→ What needs to be done: An exact copy of every record, without the pictures, is what should come back.

→ Supplied records:
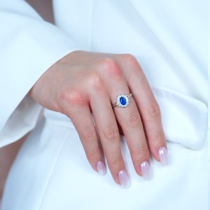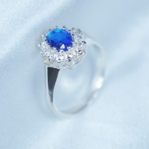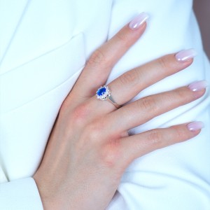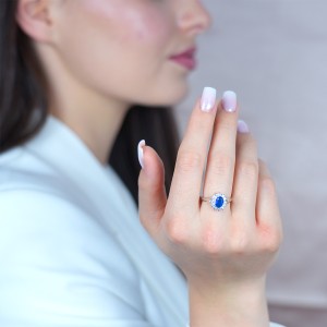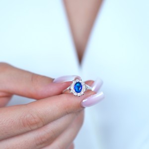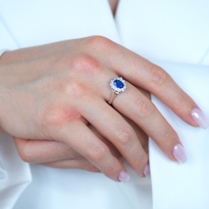 Elegancki pierścionek ze srebra pr.0,925 markiza z szafirowyą i wianuszkiem klasycznych, pięknie połyskujących cyrkonii. Kolekcja sklepu LipGold.pl
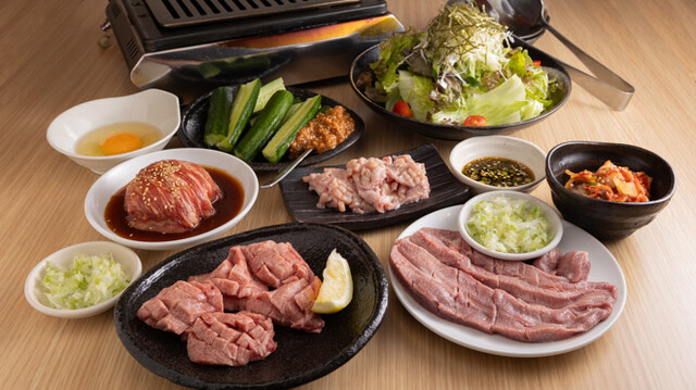 メイン食材の“朝獲れ肉”は、群馬県から直送され朝締めたばかりのため鮮度抜群!人気No.1の「生タンステーキ」をはじめ、「レバー&ハツ」や希少部位「のど」など、新鮮なお肉ならではの濃厚な旨味をご堪能いただけます。平日限定の飲み放題や、豊富な品揃えのドリンクとご一緒にどうぞ!居心地の良い広々とした空間には、テーブル50席を完備◎気軽なお食事から最大50名様の各種宴会まで、幅広いシーンでご利用ください。
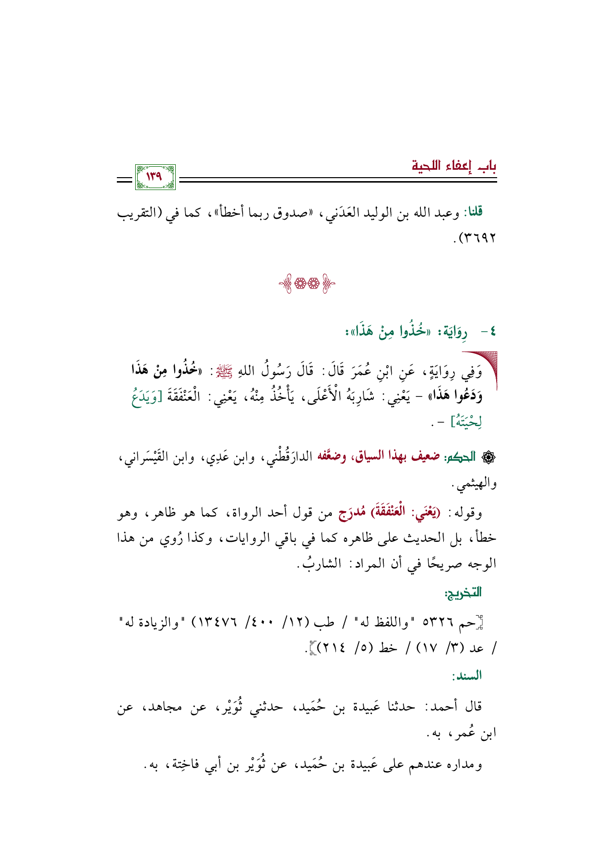وقوله: (يَعْنَي: الْعَنْفَقَةَ) مُدرَج من قول أحد الرواة، كما هو ظاهر، وهو خطأ، بل الحديث على ظاهره كما في باقي الروايات، وكذا رُوي من هذا الوجه صريحًا في أن المراد: الشاربُ.
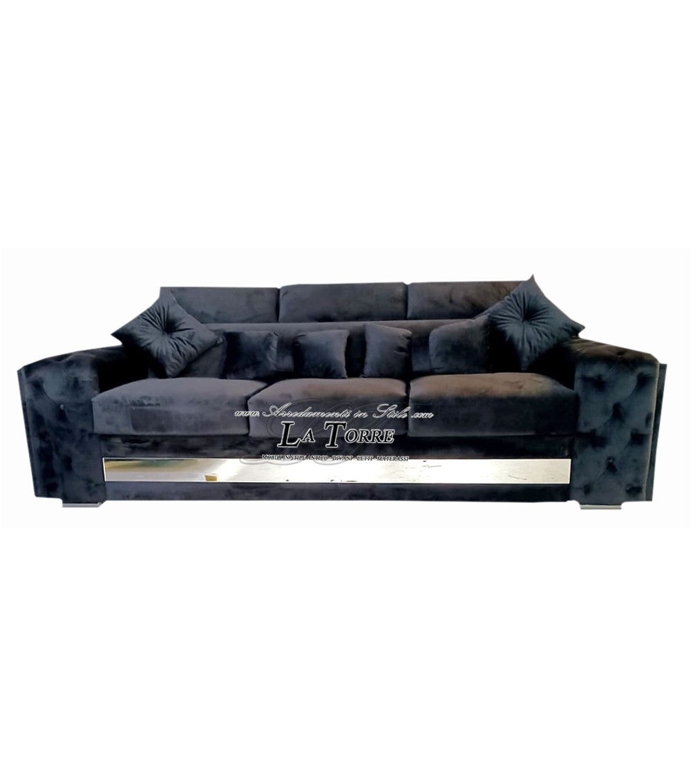 Divano letto 3 posti rete e materasso moderno e sofisticato, che si distingue per il suo rivestimento in un lussuoso tessuto vellutato di colore nero. Il divano presenta linee pulite e geometriche, con un'enfasi sulla texture e sui dettagli lucidi. I braccioli, dalla forma squadrata e robusta, sono impreziositi da una discreta trapuntatura a capitonné sul lato esterno inferiore, che aggiunge un tocco di classica raffinatezza. La parte inferiore della struttura è caratterizzata da un'ampia fascia orizzontale in metallo cromato o lucido, che corre lungo tutta la lunghezza del divano, riflettendo l'ambiente circostante e aggiungendo un elemento di glamour e modernità. Le gambe, seppur non completamente visibili, sembrano essere basse e robuste, anch'esse in metallo lucido, contribuendo alla stabilità e al design contemporaneo. La seduta è composta da cuscini ampi e lisci, ben imbottiti, che offrono un comfort elevato. Lo schienale è formato da una serie di cuscini separati, che sembrano essere molto morbidi e accoglienti.
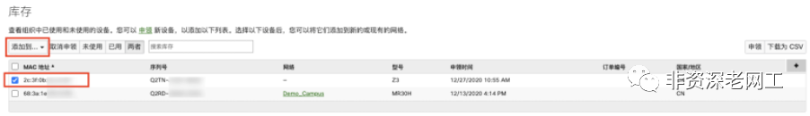 注意⚠️:可能需要等待一段时间,不超过一天,SN才能被同步到中国区的Meraki Cloud,然后才能成功被添加。
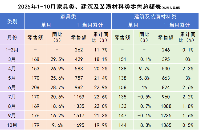 10月全国家具类零售总额179亿元,同比增长9.6%
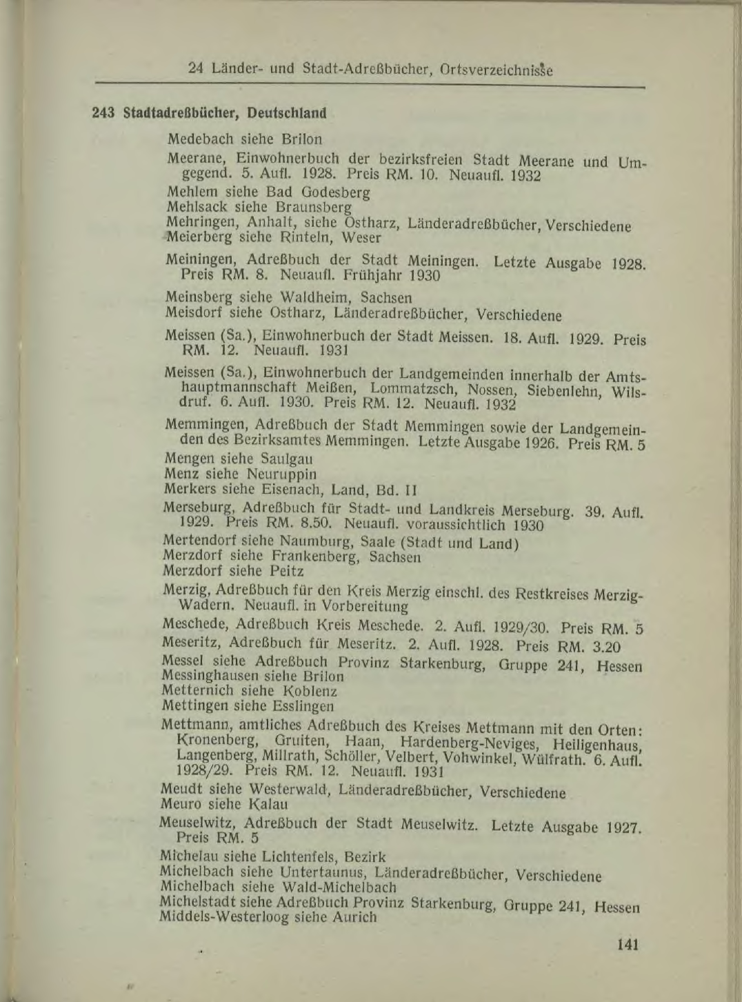 Meerane, Einwohnerbuch der bezirksfreien Stadt Meerane und Umgegend. 5. Aufl. 1928. Preis RM. 10. Neuaufl. 1932 Mehlem siehe Bad Godesberg Mehlsack siehe Braunsberg Mehringen, Anhalt, siehe Ostharz, Länderadreßbücher, Verschiedene Meierberg siehe Rinteln, Weser Meiningen, Adreßbuch der Stadt Meiningen. Letzte Ausgabe 1928. Preis RM. 8. Neuaufl. Frühjahr 1930 Meinsberg siehe Waldheim, Sachsen Meisdorf siehe Ostharz, Länderadreßbücher, Verschiedene Meissen (Sa.), Einwohnerbuch der Stadt Meissen. 18. Aufl. 1929. Preis RM. 12. Neuaufl. 1931 Meissen (Sa.), Einwohnerbuch der Landgemeinden innerhalb der Amtshauptmannschaft Meißen, Lommatzsch, Nossen, Siebenlehn, Wils-druf. 6. Aufl. 1930. Preis RM. 12. Neuaufl. 1932 Memmingen, Adreßbuch der Stadt Memmingen sowie der Landgemeinden des Bezirksamtes Memmingen. Letzte Ausgabe 1926. Preis RM. 5 Mengen siehe Saulgau Menz siehe Neuruppin Merkers siehe Eisenach, Land, Bd. II Merseburg, Adreßbuch für Stadt- und Landkreis Merseburg. 39. Aufl. 1929. Preis RM. 8.50. Neuaufl. voraussichtlich 1930 Mertendorf siehe Naumburg, Saale (Stadt und Land) Merzdorf siehe Frankenberg, Sachsen Merzdorf siehe Peitz Merzig, Adreßbuch für den Kreis Merzig einschl. des Restkreises Merzig-Wadern. Neuaufl. in Vorbereitung Meschede, Adreßbuch Kreis Meschede. 2. Aufl. 1929/30. Preis RM. 5 Meseritz, Adreßbuch für Meseritz. 2. Aufl. 1928. Preis RM. 3.20 Messel siehe Adreßbuch Provinz Starkenburg, Gruppe 241, Hessen Messinghausen siehe Brilon Metternich siehe Koblenz Mettingen siehe Esslingen Mettmann, amtliches Adreßbuch des Kreises Mettmann mit den Orten: Kronenberg, Gruiten, Haan, Hardenberg-Neviges, Heiligenhaus, Langenberg, Millrath, Schöller, Velbert, Vohwinkel, Wülfrath. 6. Aufl. 1928/29. Preis RM. 12. Neuaufl. 1931 Meudt siehe Westerwald, Länderadreßbücher, Verschiedene Meuro siehe Kalau Meuselwitz, Adreßbuch der Stadt Meuselwitz. Letzte Ausgabe 1927. Preis RM. 5 Michelau siehe Lichtenfels, Bezirk Michelbach siehe Untertaunus, Länderadreßbücher, Verschiedene Michelbach siehe Wald-Michelbach Michelstadt siehe Adreßbuch Provinz Starkenburg, Gruppe 241, Hessen Middels-Westerloog siehe Aurich | |
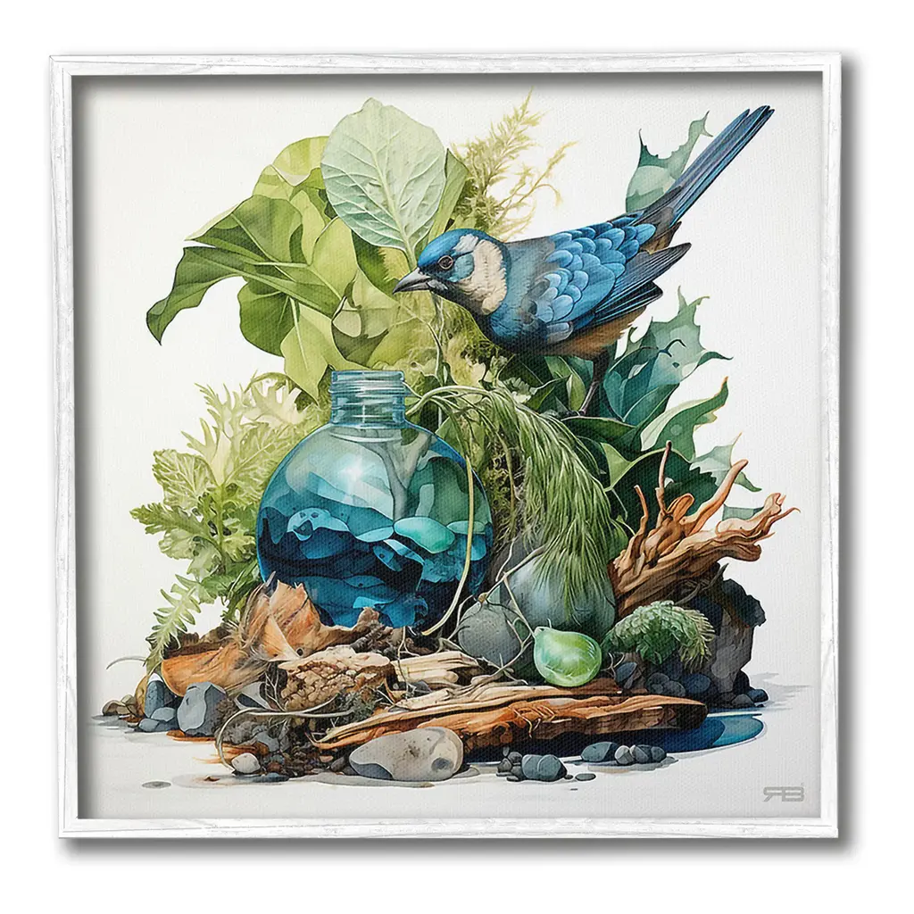 Add dimension to any room with our textured Framed Giclee Artwork. Our framed artwork is securely mounted into a 1.5-inch thick wood grain frame and ready to hang. Frames are available in three alluring styles: black, gray farmhouse and white. In addition, you should check out our oversized options if you want a statement piece. Stupell Wall Art is made in the USA.Features: Dimensions: 12 x 1.5 x 12 FramedFramed Giclee Product Sizes Include 12"x12", 17"x17", and 24"x24". Framed Giclee Products have a 1.5" Depth. Wall Art is Ready to Hang with Hardware Free Hanging. No installation required. For Easy Set Up Lean or Layer Artwork on Shelf or Against Wall.Our giclée prints are carefully mounted on a durable MDF backing, and then perfectly finished in a 1.5 inch thick woodgrain frame. Mounted frame colors include black, gray farmhouse and white. Made In USA.Artwork Relates To: Animal, Bird, Jay, Blue Jay, Bluebird, Botanical, Woodland, LeafDesign by RB
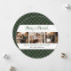Elegante Navidad de con manchas verdes recién casados con fondo de manto negro y verde con 3 fotos en el medio y un hermoso guión con letras a mano arriba. Personaliza fácilmente esta tarjeta de Navidades casados y alegres con tus imágenes, texto y el nombre de tu familia.
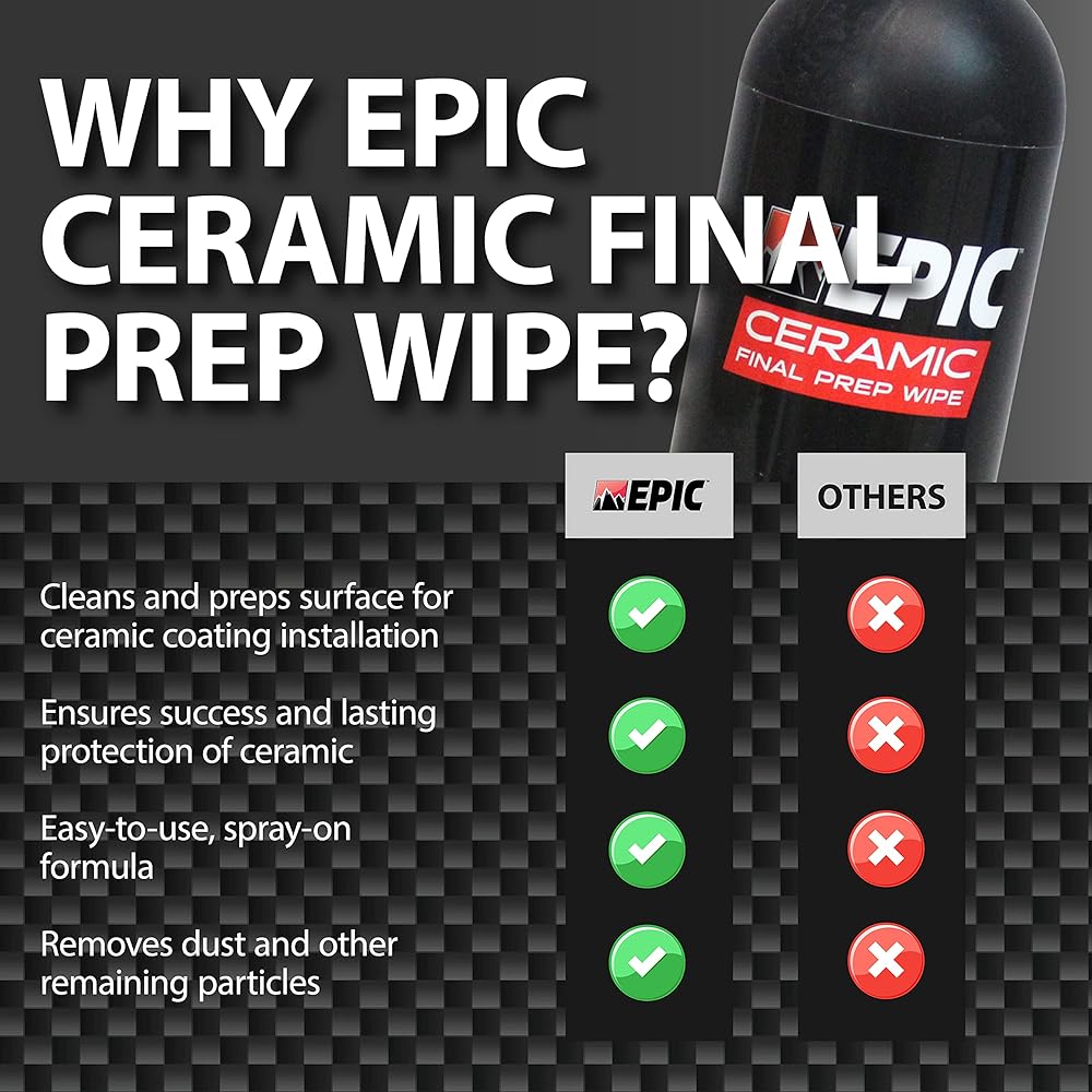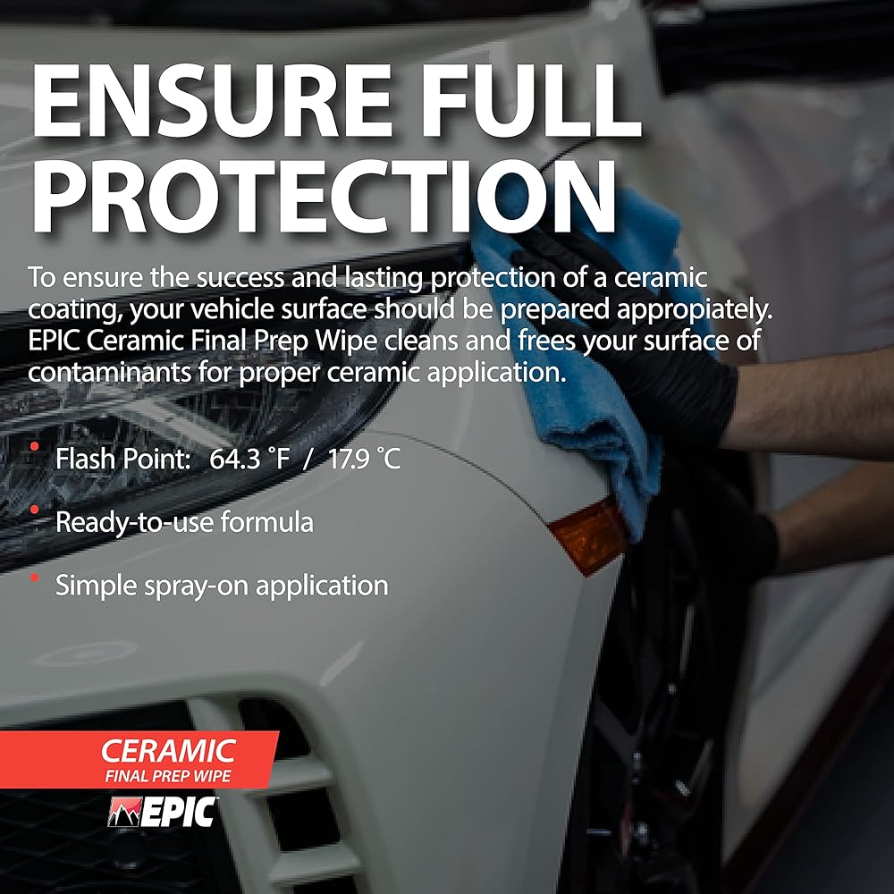 • آمنة لجميع العلامات التجارية: تعتبر مناديل EPIC Ceramic Final Prep Wipe آمنة لجميع العلامات التجارية لطلاء السيراميك والشمع.

→ Answer space:
 Elegancki pierścionek ze srebra pr.0,925 markiza z szafirowyą i wianuszkiem klasycznych, pięknie połyskujących cyrkonii. Kolekcja sklepu LipGold.pl
 メイン食材の“朝獲れ肉”は、群馬県から直送され朝締めたばかりのため鮮度抜群!人気No.1の「生タンステーキ」をはじめ、「レバー&ハツ」や希少部位「のど」など、新鮮なお肉ならではの濃厚な旨味をご堪能いただけます。平日限定の飲み放題や、豊富な品揃えのドリンクとご一緒にどうぞ!居心地の良い広々とした空間には、テーブル50席を完備◎気軽なお食事から最大50名様の各種宴会まで、幅広いシーンでご利用ください。
وقوله: (يَعْنَي: الْعَنْفَقَةَ) مُدرَج من قول أحد الرواة، كما هو ظاهر، وهو خطأ، بل الحديث على ظاهره كما في باقي الروايات، وكذا رُوي من هذا الوجه صريحًا في أن المراد: الشاربُ.
 Divano letto 3 posti rete e materasso moderno e sofisticato, che si distingue per il suo rivestimento in un lussuoso tessuto vellutato di colore nero. Il divano presenta linee pulite e geometriche, con un'enfasi sulla texture e sui dettagli lucidi. I braccioli, dalla forma squadrata e robusta, sono impreziositi da una discreta trapuntatura a capitonné sul lato esterno inferiore, che aggiunge un tocco di classica raffinatezza. La parte inferiore della struttura è caratterizzata da un'ampia fascia orizzontale in metallo cromato o lucido, che corre lungo tutta la lunghezza del divano, riflettendo l'ambiente circostante e aggiungendo un elemento di glamour e modernità. Le gambe, seppur non completamente visibili, sembrano essere basse e robuste, anch'esse in metallo lucido, contribuendo alla stabilità e al design contemporaneo. La seduta è composta da cuscini ampi e lisci, ben imbottiti, che offrono un comfort elevato. Lo schienale è formato da una serie di cuscini separati, che sembrano essere molto morbidi e accoglienti.
 注意⚠️:可能需要等待一段时间,不超过一天,SN才能被同步到中国区的Meraki Cloud,然后才能成功被添加。
 10月全国家具类零售总额179亿元,同比增长9.6%
 Meerane, Einwohnerbuch der bezirksfreien Stadt Meerane und Umgegend. 5. Aufl. 1928. Preis RM. 10. Neuaufl. 1932 Mehlem siehe Bad Godesberg Mehlsack siehe Braunsberg Mehringen, Anhalt, siehe Ostharz, Länderadreßbücher, Verschiedene Meierberg siehe Rinteln, Weser Meiningen, Adreßbuch der Stadt Meiningen. Letzte Ausgabe 1928. Preis RM. 8. Neuaufl. Frühjahr 1930 Meinsberg siehe Waldheim, Sachsen Meisdorf siehe Ostharz, Länderadreßbücher, Verschiedene Meissen (Sa.), Einwohnerbuch der Stadt Meissen. 18. Aufl. 1929. Preis RM. 12. Neuaufl. 1931 Meissen (Sa.), Einwohnerbuch der Landgemeinden innerhalb der Amtshauptmannschaft Meißen, Lommatzsch, Nossen, Siebenlehn, Wils-druf. 6. Aufl. 1930. Preis RM. 12. Neuaufl. 1932 Memmingen, Adreßbuch der Stadt Memmingen sowie der Landgemeinden des Bezirksamtes Memmingen. Letzte Ausgabe 1926. Preis RM. 5 Mengen siehe Saulgau Menz siehe Neuruppin Merkers siehe Eisenach, Land, Bd. II Merseburg, Adreßbuch für Stadt- und Landkreis Merseburg. 39. Aufl. 1929. Preis RM. 8.50. Neuaufl. voraussichtlich 1930 Mertendorf siehe Naumburg, Saale (Stadt und Land) Merzdorf siehe Frankenberg, Sachsen Merzdorf siehe Peitz Merzig, Adreßbuch für den Kreis Merzig einschl. des Restkreises Merzig-Wadern. Neuaufl. in Vorbereitung Meschede, Adreßbuch Kreis Meschede. 2. Aufl. 1929/30. Preis RM. 5 Meseritz, Adreßbuch für Meseritz. 2. Aufl. 1928. Preis RM. 3.20 Messel siehe Adreßbuch Provinz Starkenburg, Gruppe 241, Hessen Messinghausen siehe Brilon Metternich siehe Koblenz Mettingen siehe Esslingen Mettmann, amtliches Adreßbuch des Kreises Mettmann mit den Orten: Kronenberg, Gruiten, Haan, Hardenberg-Neviges, Heiligenhaus, Langenberg, Millrath, Schöller, Velbert, Vohwinkel, Wülfrath. 6. Aufl. 1928/29. Preis RM. 12. Neuaufl. 1931 Meudt siehe Westerwald, Länderadreßbücher, Verschiedene Meuro siehe Kalau Meuselwitz, Adreßbuch der Stadt Meuselwitz. Letzte Ausgabe 1927. Preis RM. 5 Michelau siehe Lichtenfels, Bezirk Michelbach siehe Untertaunus, Länderadreßbücher, Verschiedene Michelbach siehe Wald-Michelbach Michelstadt siehe Adreßbuch Provinz Starkenburg, Gruppe 241, Hessen Middels-Westerloog siehe Aurich | |
 Add dimension to any room with our textured Framed Giclee Artwork. Our framed artwork is securely mounted into a 1.5-inch thick wood grain frame and ready to hang. Frames are available in three alluring styles: black, gray farmhouse and white. In addition, you should check out our oversized options if you want a statement piece. Stupell Wall Art is made in the USA.Features: Dimensions: 12 x 1.5 x 12 FramedFramed Giclee Product Sizes Include 12"x12", 17"x17", and 24"x24". Framed Giclee Products have a 1.5" Depth. Wall Art is Ready to Hang with Hardware Free Hanging. No installation required. For Easy Set Up Lean or Layer Artwork on Shelf or Against Wall.Our giclée prints are carefully mounted on a durable MDF backing, and then perfectly finished in a 1.5 inch thick woodgrain frame. Mounted frame colors include black, gray farmhouse and white. Made In USA.Artwork Relates To: Animal, Bird, Jay, Blue Jay, Bluebird, Botanical, Woodland, LeafDesign by RB
Elegante Navidad de con manchas verdes recién casados con fondo de manto negro y verde con 3 fotos en el medio y un hermoso guión con letras a mano arriba. Personaliza fácilmente esta tarjeta de Navidades casados y alegres con tus imágenes, texto y el nombre de tu familia.
 • آمنة لجميع العلامات التجارية: تعتبر مناديل EPIC Ceramic Final Prep Wipe آمنة لجميع العلامات التجارية لطلاء السيراميك والشمع.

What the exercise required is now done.